Metadata-Version: 2.1
Name: ngraph
Version: 0.1.1
Summary: A graph library for network modeling and capacity analysis.
Home-page: https://github.com/networmix/netgraph
Author: Andrey Golovanov
Classifier: Programming Language :: Python :: 3
Classifier: License :: OSI Approved :: MIT License
Classifier: Operating System :: OS Independent
Requires-Python: >=3.8
Description-Content-Type: text/markdown
License-File: LICENSE

# NetGraph

- [Introduction](#introduction)
- [Use Case Examples](#use-case-examples)
  - [Calculate MaxFlow in a graph](#calculate-maxflow-in-a-graph)
  - [Place traffic demands on a graph](#place-traffic-demands-on-a-graph)
  - [Perform basic capacity analysis](#perform-basic-capacity-analysis)

---

## Introduction
This library is developed to help with network modeling and capacity analysis use-cases. The graph implementation in this library is largely compatible with [NetworkX](https://networkx.org/) while making edges first-class entities.
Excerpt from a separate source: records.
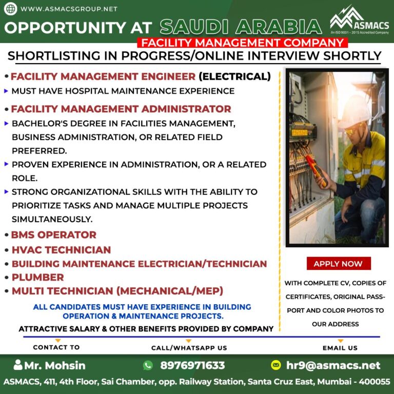 OPPORTUNITY AT SAUDI ARABIA FACILITY MANAGEMENT COMPANYSHORTLISTING IN PROGRESS/ONLINE INTERVIEW SHORTLY Telegram Group Join Now
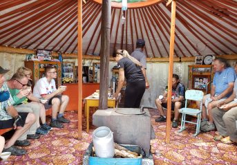 We go on to visit the National Museum and hear an overview of Mongolia’s history from stone age times to the modern era. The Paleontology Museum of Mongolia is a twenty minute walk away from the national museum. It containing artefacts such as dinosaur fossils, intact nests containing eggs, carnivores fighting herbivores and embryos still in their shells. Following this, a visit to the Zaisan memorial in the south of Ulaanbaatar offers panoramic views of the city. There is a 300 step climb to reach the memorial which features a circular painting depicting scenes of friendship between the people of the USSR and Mongolia. Our tour concludes with a traditional music show including a performance of traditional throat singing.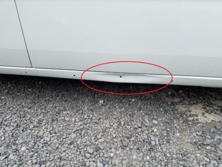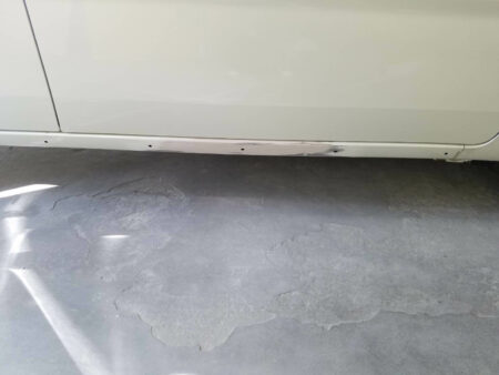 ▼サイドステップを上から見た様子です。こちらは鈑金で修正していきます。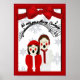 Uma bela ilustração gráfica da artista/designer Charmaine Paulson de um casal de caroler em uma poster de Natal.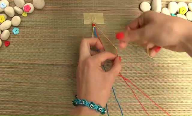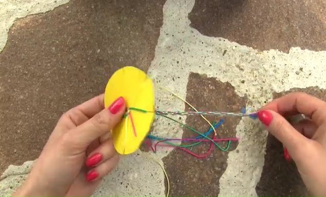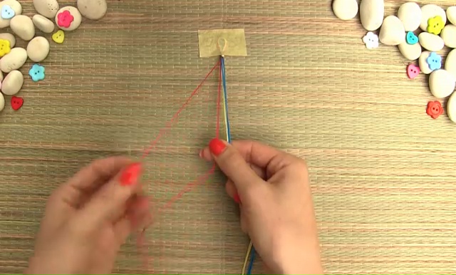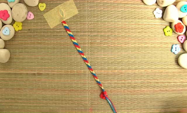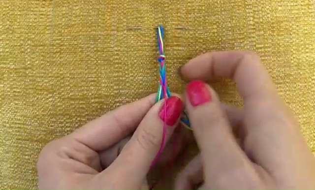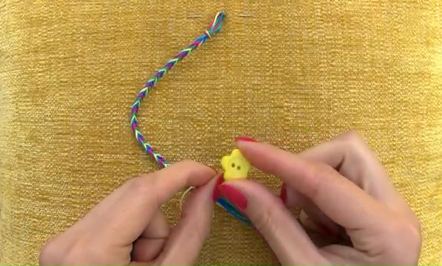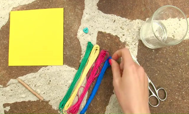 - Get four colored threads which have the measurement of 15 inches, fold the long strings in half and make a knot on the folded end. Make sure that you are leaving a little loop for the button closer while making the knot.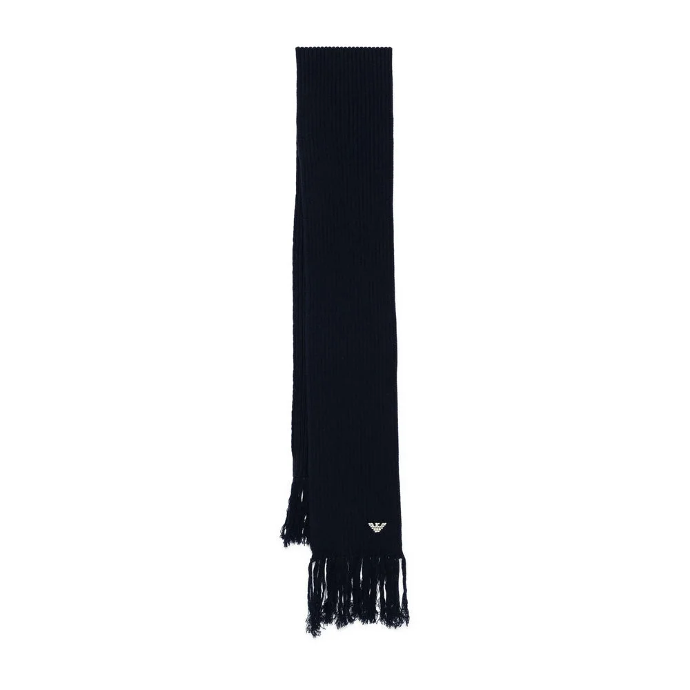 navy blue ribbed knit fringed trim small embroidered logo - Colour: Blue - Composition: Cotton: 30.0%, Polyamide: 45.0%, Virgin Wool: 25.0% - Country Of Manufacture: China - Dimensions: length: 270.0 centimetres, width: 30.0 centimetres - MPN: AF17000EM003651UB102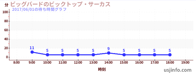 • ビッグバードのビックトップ・サーカス$B$N(B2017年06月01日の待ち時間
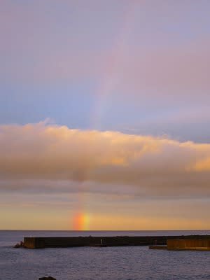 18:05 大間崎から海沿いを走り出すと、水平線からほぼ垂直に立ち上がる虹が!こんな虹初めて見ました!!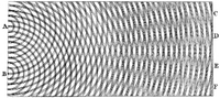 The wave theory predicted that light waves could interfere with each other like sound waves (as noted around 1800 by Thomas Young). Young showed by means of a diffraction experiment that light behaved as waves. He also proposed that different colours were caused by different wavelengths of light and explained colour vision in terms of three-coloured receptors in the eye. Another supporter of the wave theory was Leonhard Euler. He argued in Nova theoria lucis et colorum (1746) that diffraction could more easily be explained by a wave theory. In 1816 André-Marie Ampère gave Augustin-Jean Fresnel an idea that the polarization of light can be explained by the wave theory if light were a transverse wave.[37]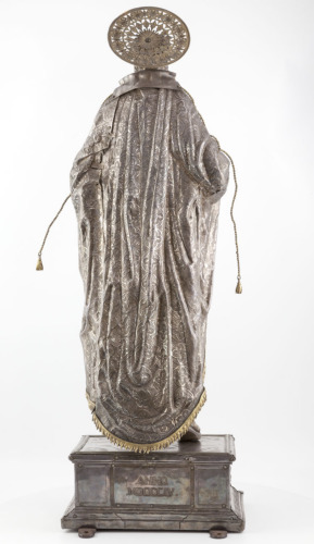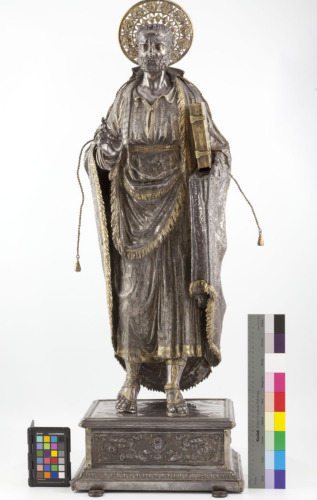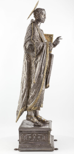 - NOTIZIE STORICO CRITICHE La documentazione assegna l'opera all'orafo Francesco Francesconi, ma poichè le lettere dei punzoni non corrispondono all'iniziale del nome, forse si riferiscono ad un parente o ad un maestro operante nella sua bottega. La statua doveva sostituirne una analoga, realizzata nel Cinquecento, che andò fusa in Zecca alla caduta della Repubblica di Venezia nel 1797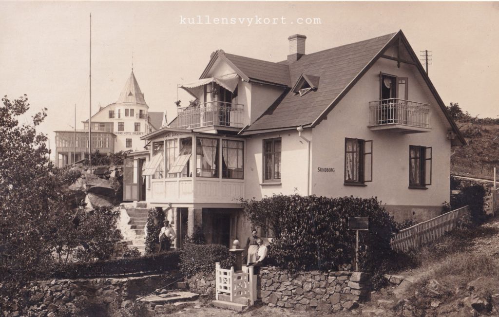På Harastolsvägen 8 i Mölle ligger Villa Sundborg, som ses på fotovykortet nedan. Vilka som står framför huset känner jag inte till. Kanske är det husägarna eller turister på besök. Vid början av muren framför huset finns en skylt. Texten är otydlig men ordet værelser, dvs. rum på danska, syns. Att hyra ut rum till turister var vanligt bland Mölles husägare.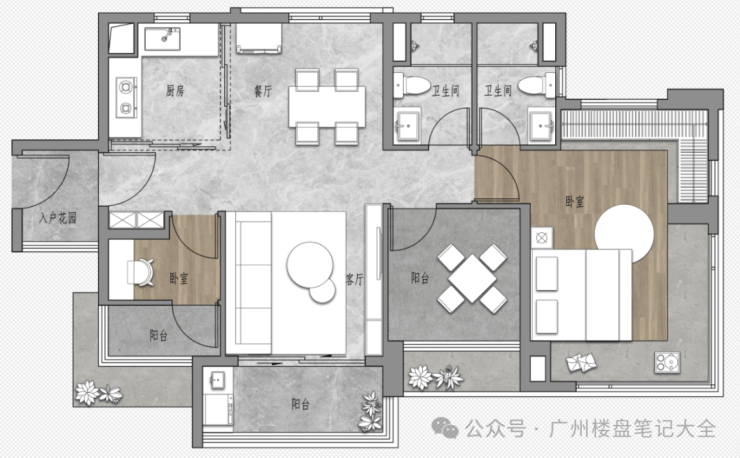 ·超高户型使用率,市场罕见迭代产品·四开间朝南,约12米南向连续大采光·约27㎡超配主套,三面采光飘窗舒适度UP·带入户花园,私密性强,精致改善标配
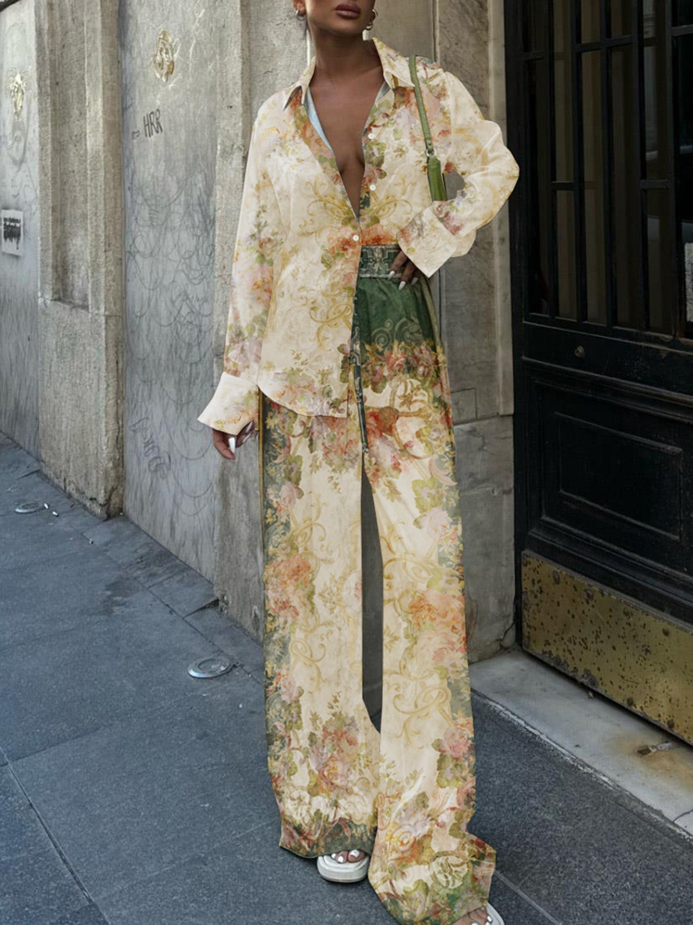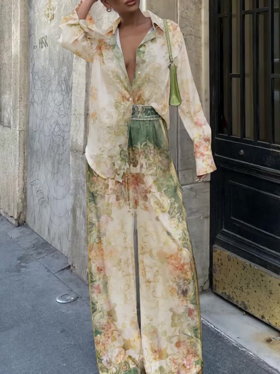 Luna | Chic Print Top & Elastic Waist Pants Set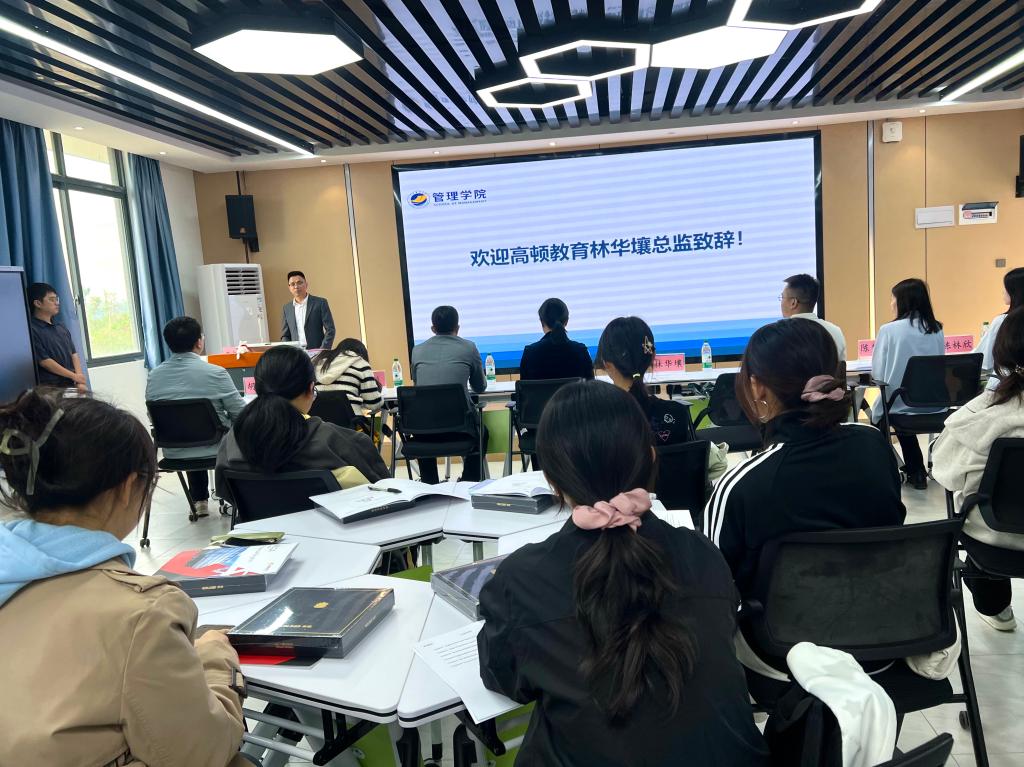 合作企业代表高顿教育集团华南区区域总监林华壤先生则从行业视角分享了他的体会和见解。他首先对英国威廉集团前瞻性的育人视野表示赞赏。林总监指出,随着中国企业“走出去”的步伐加快,人工智能的发展崛起,熟悉国际财务报告准则、具备跨文化沟通能力、熟练使用各项财务工具的ACCA持证人正成为人才市场上的“稀缺资源”,职业发展前景极为广阔。他表示,作为合作伙伴,高顿教育集团将不遗余力地提供优质的课程资源、资深的讲师团队和完善的学员服务,“我们将与海大管院携手,共同搭建一座连接校园与职场的坚实桥梁,帮助同学们不仅通过考试,更能提升实战能力,无缝对接未来名企的高标准要求。”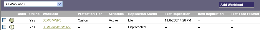 The Workloads page displays a table with a row for each workload currently on the PlateSpin Forge appliance. Use the drop-down list to filter on all workloads, protected workloads,, failed workloads, or unprotected workloads. Each row shows the workload’s name and the name of the associated Protection Tier. Click a workload name to display a Workload Details page for viewing or editing configuration relevant to the workload. See Workload Details for more information.
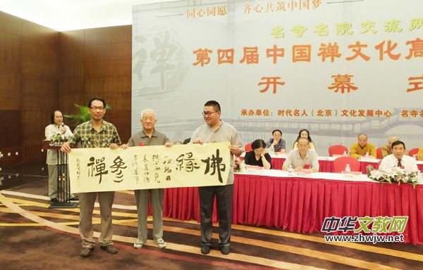 本報訊 2013年8月3日,第四屆中國禪文化高峰論壇在北京國家會議中心隆重召開。此次禪文化高峰論壇主題為“同心同愿,齊心共筑中國夢”,由時代名人(北京)文化發(fā)展中心主辦,國家宗教局原副局長馮傳宗先生,中國佛教協(xié)會原副秘書長蘧俊忠先生,中國佛教協(xié)會北京靈光寺監(jiān)院演道法師,中國佛教協(xié)會北京廣化寺僧執(zhí)、佛學(xué)研究所教授釋廣曙法師,中國佛教協(xié)會北京廣化寺、書法家大師釋印呈法師,中機集團副董事長李泰芳女士,中國人民解放軍軍械工程學(xué)院院長張家鵬將軍,著名品牌專家、中國國際名牌協(xié)會會長解艾蘭女士,著名傳統(tǒng)文化研究學(xué)者程永華先生,中國寺廟文化促進會會長,華夏寺廟文化網(wǎng)總編、科技信息報今日文教周刊主編靳新國先生等宗教局及佛協(xié)領(lǐng)導(dǎo)一百余人應(yīng)邀出席。會議由著名易學(xué)書畫家程文鳴主持。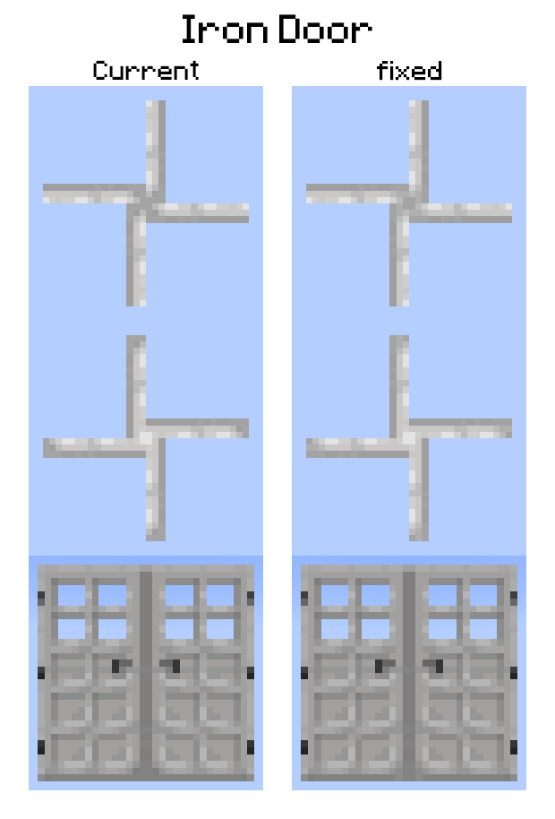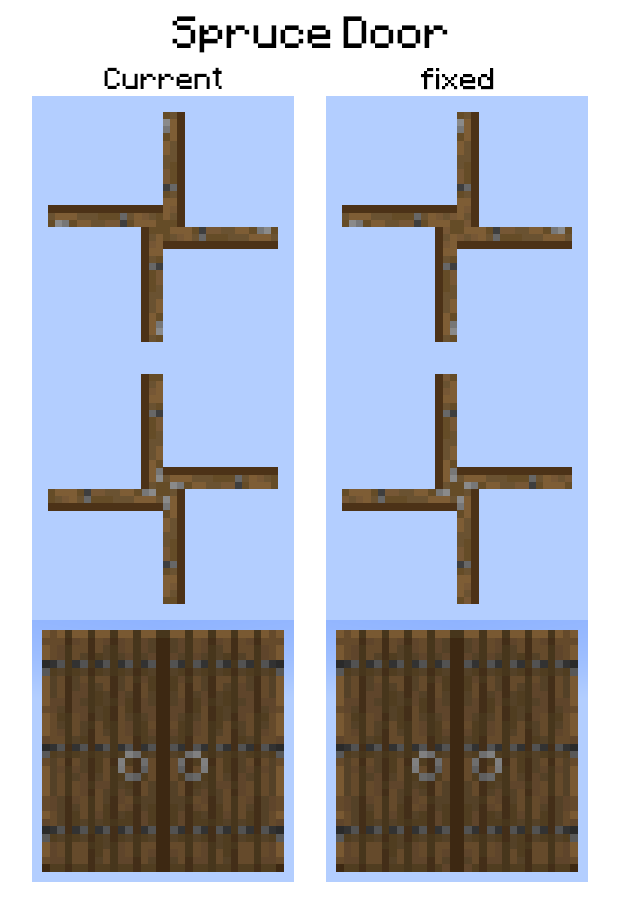 *Due to changes made in 1.18 Pre-release 5 to the sides of doors (probably to do with MC-170557), most of the doors no longer form swastikas, but warped doors can still form them.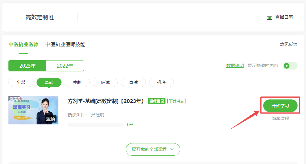 登录学员代码进入我的网校我的家,点击“我的课程”,进入课程,选择“2023年”,即可看到《方剂学》课程,点击开始学习即可。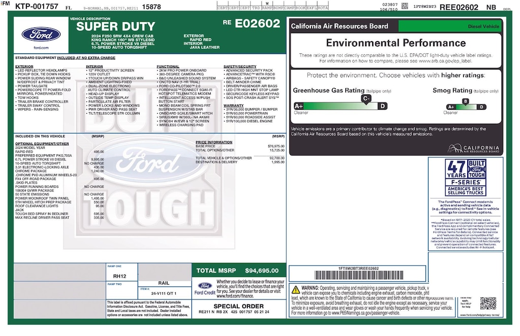 Clean CARFAX. 2024 Ford F-250SD King Ranch Is nicely equipped with 5th Wheel/Gooseneck Hitch Prep Package, Chrome Package (Chrome Door Handles, Chrome Exhaust Tip, Unique Chrome Mirror Caps, and Wheels: 20" Chrome PVD Aluminum), F-250 >10K GVWR Package, FX4 Off-Road Package (Hill Descent Control, Off-Road Specifically Tuned Shock Absorbers, and Unique FX4 Off-Road Box Decal), 4WD, 3.31 Axle Ratio, Twin Panel Power Moonroof, 4-Wheel Disc Brakes, ABS brakes, Adjustable pedals, Air Conditioning, AM/FM radio: SiriusXM with 360L, Auto High-beam Headlights, Auto tilt-away steering wheel, Auto-dimming Rear-View mirror, Automatic temperature control, Brake assist, Compass, Delay-off headlights, Driver door bin, Driver vanity mirror, Dual front impact airbags, Dual front side impact airbags, Electronic Stability Control, Emergency communication system: SYNC 4 911 Assist, Exterior Parking Camera Rear, Flow-Through Console, Front anti-roll bar, Front Bucket Seats, Front Center Armrest, Front dual zone A/C, Front fog lights, Front reading lights, Fully automatic headlights, Garage door transmitter, Heated door mirrors, Heated front seats, Heated rear seats, Heated steering wheel, Illuminated entry, Leather steering wheel, LED Roof Clearance Lights, Low tire pressure warning, Max Recline Seats, Memory seat, Navigation system: Connected Navigation (includes complimentary 1-year trial), Outside temperature display, Overhead airbag, Overhead console, Panic alarm, Passenger door bin, Passenger vanity mirror, Pedal memory, Power door mirrors, Power driver seat, Power passenger seat, Power steering, Power windows, Radio: B&O Unleashed Sound System by Bang & Olufsen, Rain sensing wipers, Rear reading lights, Rear seat center armrest, Rear step bumper, Rear window defroster, Remote keyless entry, Security system, SiriusXM Radio w/360L, Speed control, Split folding rear seat, Steering wheel memory, Steering wheel mounted audio controls, SYNC 4 w/Enhanced Voice Recognition, Tachometer, Telescoping steering wheel, Tilt steering wheel, Tough Bed Spray-In Bedliner, Traction control, Trip computer, Turn signal indicator mirrors, Variably intermittent wipers, and Ventilated front seats.

Making edges explicitly addressable is important in traffic engineering applications.

The lib provides the following main primitives:
- [MultiDiGraph](https://github.com/networmix/NetGraph/blob/07abd775c17490a9ffe102f9f54a871ea9772a96/ngraph/graph.py#L14)
- [Demand](https://github.com/networmix/NetGraph/blob/07abd775c17490a9ffe102f9f54a871ea9772a96/ngraph/demand.py#L108)
- [FlowPolicy](https://github.com/networmix/NetGraph/blob/07abd775c17490a9ffe102f9f54a871ea9772a96/ngraph/demand.py#L37)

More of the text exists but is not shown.